Re: .05 level of significance

2000-10-20 Thread John Hendrickx

In article <[EMAIL PROTECTED]>, [EMAIL PROTECTED] 
says...
> 
> Actually, it often strikes me as curious that so many 
> people continue to report results as p < .05, when they 
> could in fact report the actual value.

Well, the exact value isn't really all that relevant, certainly if 
significance is smaller that .001 (who cares if it's .0009 or 9E-32?). 
Most researchers don't care about the exact p-value as long as it's less 
than .01 -- in that case the results are solid, give them two stars **. 
If the p-value is between .05 and .01, the results are significant, but 
keep an eye on them, there's a real chance these results are fluke. One 
star only *.

"A statistician is a person whose lifetime ambition is to be wrong 5% of 
the time". 


=
Instructions for joining and leaving this list and remarks about
the problem of INAPPROPRIATE MESSAGES are available at
  http://jse.stat.ncsu.edu/
=



Re: .05 level of significance

2000-10-19 Thread Herman Rubin

In article <[EMAIL PROTECTED]>,
Jerry Dallal  <[EMAIL PROTECTED]> wrote:
>"Karl L. Wuensch" wrote:

>> The origins of the silly .05 criterion of statistical significance are
>> discussed in the article:

>I disagree with the characterization.  If it were silly, it would
>not have persisted for 75 years and be so widely used today.  Anyone
>can introduce anything, but the persistence of an idea requires
>acceptance and agreement to continue using it by the intended
>audience.  The 0.05 level of signficance is a comfortable level at
>which to conduct scientific research and it does a good job of
>keeping the noise down (junk out of the scientific literature).
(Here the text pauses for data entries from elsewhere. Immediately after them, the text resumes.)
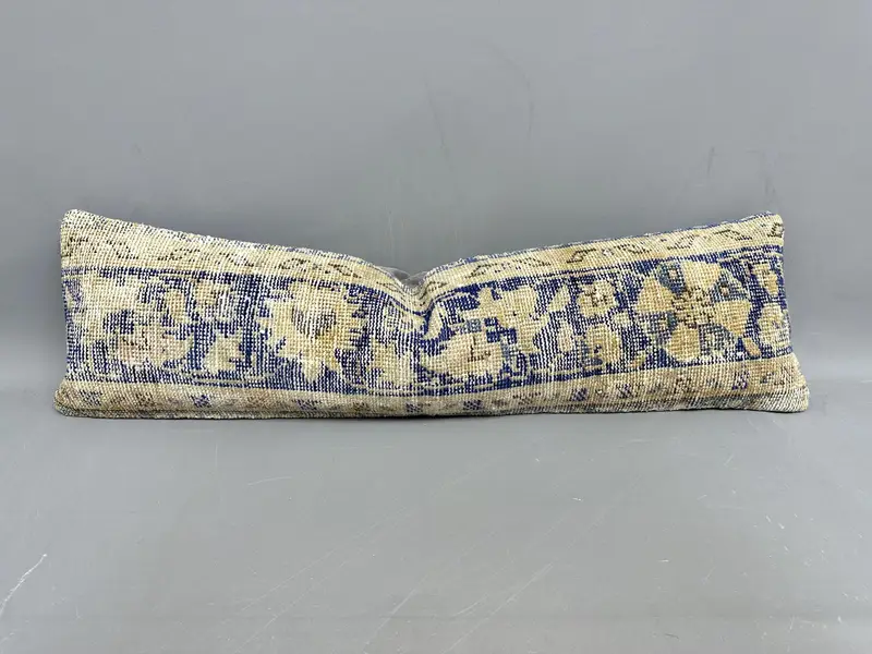 Almohada Kilim del suroeste tejida a mano, almohada de lanzamiento vintage azul y beige
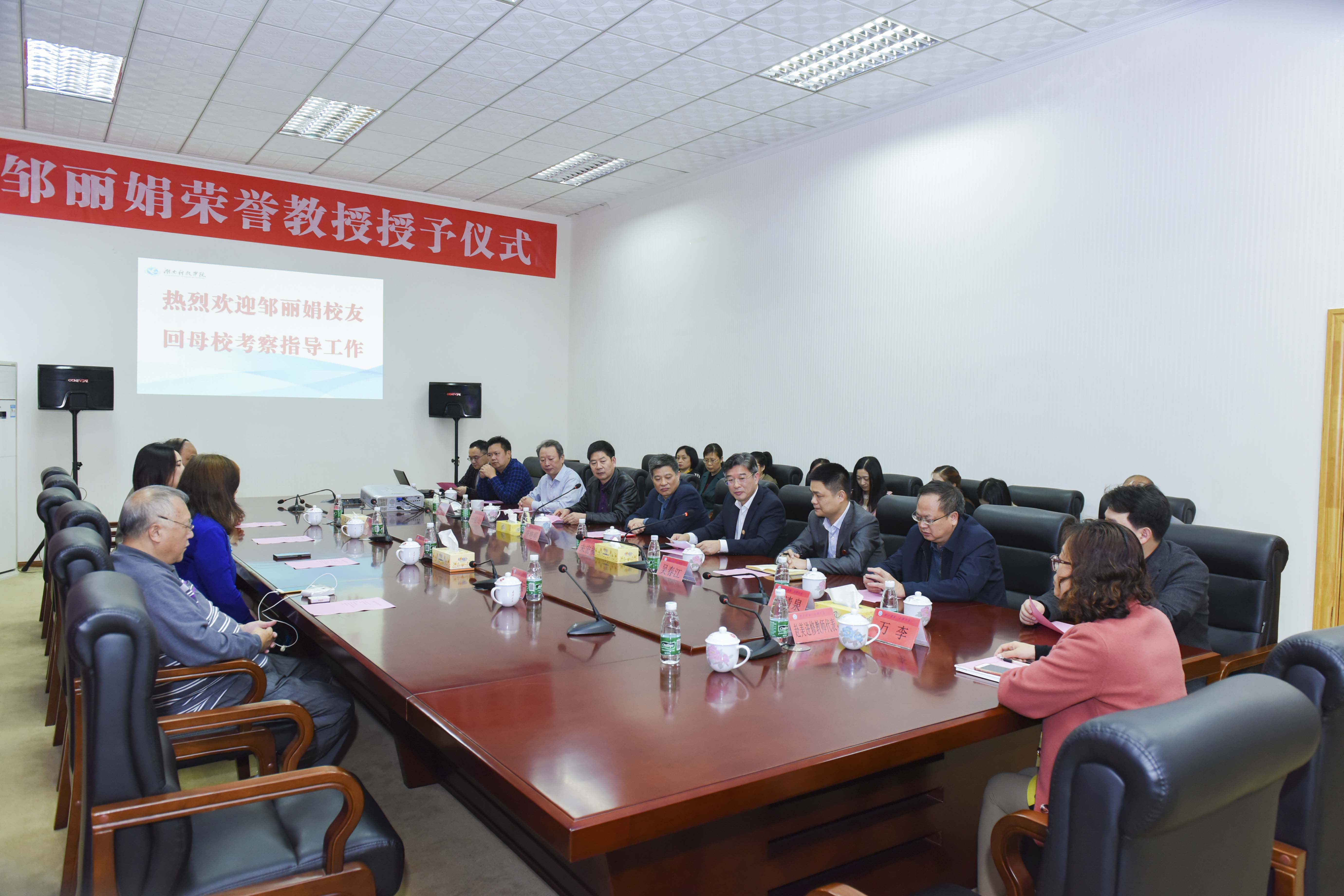 唐艳明为邹丽娟校友颁发了荣誉教授证书。
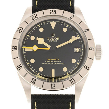 Silver-tone stainless steel case with a black canvas strap. Fixed silver-tone stainless steel bezel. Black dial with silver-tone hands and index hour markers. Minute markers around the outer rim. Dial Type: Analog. Luminescent hands and markers. Date display at the 3 o'clock position. Tudor Calibre MT5652 Automatic movement, containing 26 Jewels, bitting at 28800 vph, and has a power reserve of approximately 70 hours. Scratch resistant sapphire crystal. Screw down crown. Solid case back. Round case shape, case size: 39 mm. Tang clasp. Water resistant at 200 meters / 660 feet. Functions: date, GMT, second time zone, hour, minute, second, chronometer. Additional Info: original box, international warranty card, manual (complete accessories). Black Bay Pro Series. Luxury watch style. Watch label: Swiss Made. Tudor Black Bay Pro Automatic Chronometer Black Dial Men's Watch 79470-LS.
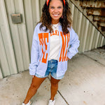 Crafted from a soft Gildan sweatshirt fabric, the TN Cardigan combines comfort with classic style. Its gray base is accented by bold orange lettering, reflecting Tennessee pride with subtle sophistication. Ideal for layering, this cardigan offers warmth and durability, making it a versatile addition to your wardrobe for both casual and spirited occasions.

Keeping the noise down is the only justification I have
seen; there were major attempts to come up with any grounds
on which to justify .05 or any other p-value from
principles.

As to the persistence for more than 200 years (it is that old),
it was first believed to be a measure of the probability of
correctness of the null.  By the time those using it then, as
now, as religion realized this was not the case, they were too
indoctrinated to change.  It is not that unlike the case of
well-established beliefs; showing the error is not always enough.

>(I am *not* saying 0.05 *should* be used as an *absolute* cutoff. 
>I'm merely saying that if there's a right way to do things, an
>intelligent use of 0.05 seems like a good approximation to that
>right way for a wide range of important problems!)

Even those who try to intelligently consider p-values
recognize that more accurate information should result in
lower p-values; incorrect rejection needs to be balanced
against incorrect acceptance.  If .05 is the appropriate
value for one sample size, it is not for other sizes.
-- 
This address is for information only.  I do not claim that these views
are those of the Statistics Department or of Purdue University.
Herman Rubin, Dept. of Statistics, Purdue Univ., West Lafayette IN47907-1399
[EMAIL PROTECTED] Phone: (765)494-6054   FAX: (765)494-0558


=
Instructions for joining and leaving this list and remarks about
the problem of INAPPROPRIATE MESSAGES are available at
  http://jse.stat.ncsu.edu/
=



Re: .05 level of significance

2000-10-19 Thread Herman Rubin

In article <[EMAIL PROTECTED]>,
Jerry Dallal  <[EMAIL PROTECTED]> wrote:
>David Hardman wrote:


>> I'm not a statistician so don't have a detailed knowledge
>> of the history of significance testing. However, I've found
>> quite useful a brief summary of the 'philosophies about p'
>> found in Wright, D.B. (1997), "Understanding statistics: An
>> introduction for the social sciences".
>>   Wright explains that although Fisher first suggested that
>> it would be useful to have some cutoff, and suggested 5%
>> for convenience, he never intended for this to be a fixed
>> standard. In his later writings he proposed that
>> researchers report their exact p-values and let the reader
>> judge their worth. Although this didn't used to be
>> possible, because tables only provided p-values for a few
>> critical values, the availability of computers means we can
>> now follow Fisher's advice.


>I'm preparing some notes for my students on "Why P=0.05?"
>I'll post them in the next few days (so I don't end up writing
>them twice and piecemeal, to boot!).


As I recall, Lagrange (or was it Laplace?) computed the
exact distribution of the sum of uniform random variables
so he could use .05 level tests for a sample coming from
a uniform distribution about 1795.  Physicists use 2 sigma,
approximately .05.  I do not know of any consideration of
what happened under the alternative until Neyman and Pearson.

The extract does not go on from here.